• PROBLEM DESCRIPTION
All of the data below is to be written out again exactly.

• MATERIAL PROVIDED
-------

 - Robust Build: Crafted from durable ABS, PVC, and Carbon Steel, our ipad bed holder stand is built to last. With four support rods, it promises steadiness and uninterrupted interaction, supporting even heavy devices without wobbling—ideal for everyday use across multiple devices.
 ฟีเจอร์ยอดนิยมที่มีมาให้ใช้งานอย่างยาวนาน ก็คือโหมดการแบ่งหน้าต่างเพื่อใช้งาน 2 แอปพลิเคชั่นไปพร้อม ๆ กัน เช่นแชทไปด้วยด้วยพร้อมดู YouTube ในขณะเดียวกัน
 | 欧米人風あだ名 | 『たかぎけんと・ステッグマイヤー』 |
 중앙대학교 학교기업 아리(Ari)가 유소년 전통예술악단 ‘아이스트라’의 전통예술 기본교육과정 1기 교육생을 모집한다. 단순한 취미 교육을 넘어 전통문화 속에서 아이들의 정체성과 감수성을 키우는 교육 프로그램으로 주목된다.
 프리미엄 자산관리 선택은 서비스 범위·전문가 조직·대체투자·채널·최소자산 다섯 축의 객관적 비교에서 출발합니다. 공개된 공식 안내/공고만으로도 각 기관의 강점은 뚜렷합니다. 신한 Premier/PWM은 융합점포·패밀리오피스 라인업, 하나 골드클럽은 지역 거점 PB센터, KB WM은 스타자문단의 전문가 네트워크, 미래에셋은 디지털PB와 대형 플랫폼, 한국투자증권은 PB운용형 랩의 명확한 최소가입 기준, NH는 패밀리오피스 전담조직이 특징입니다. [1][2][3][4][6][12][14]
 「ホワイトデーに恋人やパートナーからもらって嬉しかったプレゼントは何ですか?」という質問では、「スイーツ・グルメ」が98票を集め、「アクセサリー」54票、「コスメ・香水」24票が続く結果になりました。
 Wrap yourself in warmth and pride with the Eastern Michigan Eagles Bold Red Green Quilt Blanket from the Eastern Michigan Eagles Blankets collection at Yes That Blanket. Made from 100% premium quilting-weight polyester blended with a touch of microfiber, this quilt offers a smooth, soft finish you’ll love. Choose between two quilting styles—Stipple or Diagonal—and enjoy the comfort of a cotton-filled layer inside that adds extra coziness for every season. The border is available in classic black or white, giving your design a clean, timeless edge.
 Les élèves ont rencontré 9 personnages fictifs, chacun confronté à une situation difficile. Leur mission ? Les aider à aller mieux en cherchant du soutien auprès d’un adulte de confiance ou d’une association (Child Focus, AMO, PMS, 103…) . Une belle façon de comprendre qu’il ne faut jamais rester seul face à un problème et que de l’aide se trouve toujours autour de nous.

-------

• EXERCISE RESPONSE
 - Robust Build: Crafted from durable ABS, PVC, and Carbon Steel, our ipad bed holder stand is built to last. With four support rods, it promises steadiness and uninterrupted interaction, supporting even heavy devices without wobbling—ideal for everyday use across multiple devices.
 ฟีเจอร์ยอดนิยมที่มีมาให้ใช้งานอย่างยาวนาน ก็คือโหมดการแบ่งหน้าต่างเพื่อใช้งาน 2 แอปพลิเคชั่นไปพร้อม ๆ กัน เช่นแชทไปด้วยด้วยพร้อมดู YouTube ในขณะเดียวกัน
 | 欧米人風あだ名 | 『たかぎけんと・ステッグマイヤー』 |
 중앙대학교 학교기업 아리(Ari)가 유소년 전통예술악단 ‘아이스트라’의 전통예술 기본교육과정 1기 교육생을 모집한다. 단순한 취미 교육을 넘어 전통문화 속에서 아이들의 정체성과 감수성을 키우는 교육 프로그램으로 주목된다.
 프리미엄 자산관리 선택은 서비스 범위·전문가 조직·대체투자·채널·최소자산 다섯 축의 객관적 비교에서 출발합니다. 공개된 공식 안내/공고만으로도 각 기관의 강점은 뚜렷합니다. 신한 Premier/PWM은 융합점포·패밀리오피스 라인업, 하나 골드클럽은 지역 거점 PB센터, KB WM은 스타자문단의 전문가 네트워크, 미래에셋은 디지털PB와 대형 플랫폼, 한국투자증권은 PB운용형 랩의 명확한 최소가입 기준, NH는 패밀리오피스 전담조직이 특징입니다. [1][2][3][4][6][12][14]
 「ホワイトデーに恋人やパートナーからもらって嬉しかったプレゼントは何ですか?」という質問では、「スイーツ・グルメ」が98票を集め、「アクセサリー」54票、「コスメ・香水」24票が続く結果になりました。
 Wrap yourself in warmth and pride with the Eastern Michigan Eagles Bold Red Green Quilt Blanket from the Eastern Michigan Eagles Blankets collection at Yes That Blanket. Made from 100% premium quilting-weight polyester blended with a touch of microfiber, this quilt offers a smooth, soft finish you’ll love. Choose between two quilting styles—Stipple or Diagonal—and enjoy the comfort of a cotton-filled layer inside that adds extra coziness for every season. The border is available in classic black or white, giving your design a clean, timeless edge.
 Les élèves ont rencontré 9 personnages fictifs, chacun confronté à une situation difficile. Leur mission ? Les aider à aller mieux en cherchant du soutien auprès d’un adulte de confiance ou d’une association (Child Focus, AMO, PMS, 103…) . Une belle façon de comprendre qu’il ne faut jamais rester seul face à un problème et que de l’aide se trouve toujours autour de nous.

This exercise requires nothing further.